■ WHAT TO WORK ON ■
Please restate exactly the lines from the one holding "OWLFAVO 36pcs Monstera" to the end of the material, including both ends and excluding every picture.

■ PROVIDED MATERIAL ■
————————
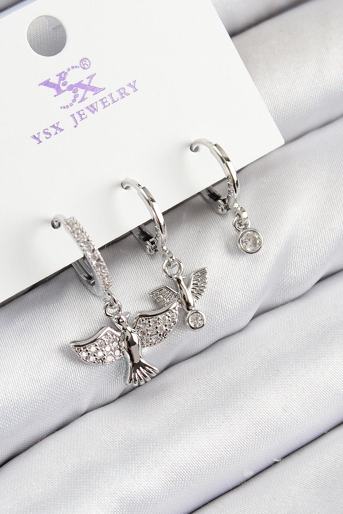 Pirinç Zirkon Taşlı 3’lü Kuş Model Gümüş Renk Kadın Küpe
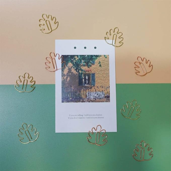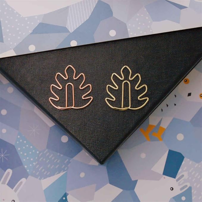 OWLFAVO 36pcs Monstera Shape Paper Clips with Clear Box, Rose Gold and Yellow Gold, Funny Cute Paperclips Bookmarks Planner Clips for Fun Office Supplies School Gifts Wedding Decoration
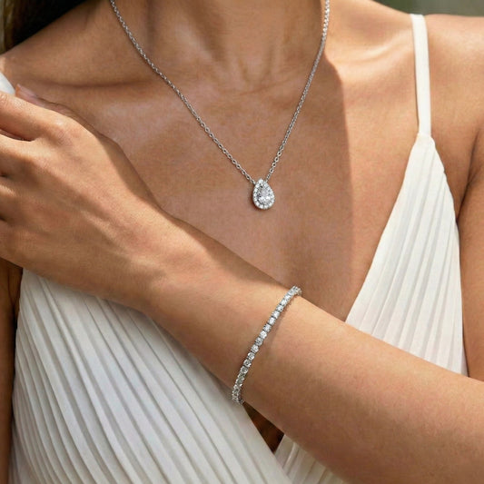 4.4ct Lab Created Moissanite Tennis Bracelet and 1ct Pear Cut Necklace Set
————————
■ TASK RESPONSE ■
 OWLFAVO 36pcs Monstera Shape Paper Clips with Clear Box, Rose Gold and Yellow Gold, Funny Cute Paperclips Bookmarks Planner Clips for Fun Office Supplies School Gifts Wedding Decoration
 4.4ct Lab Created Moissanite Tennis Bracelet and 1ct Pear Cut Necklace Set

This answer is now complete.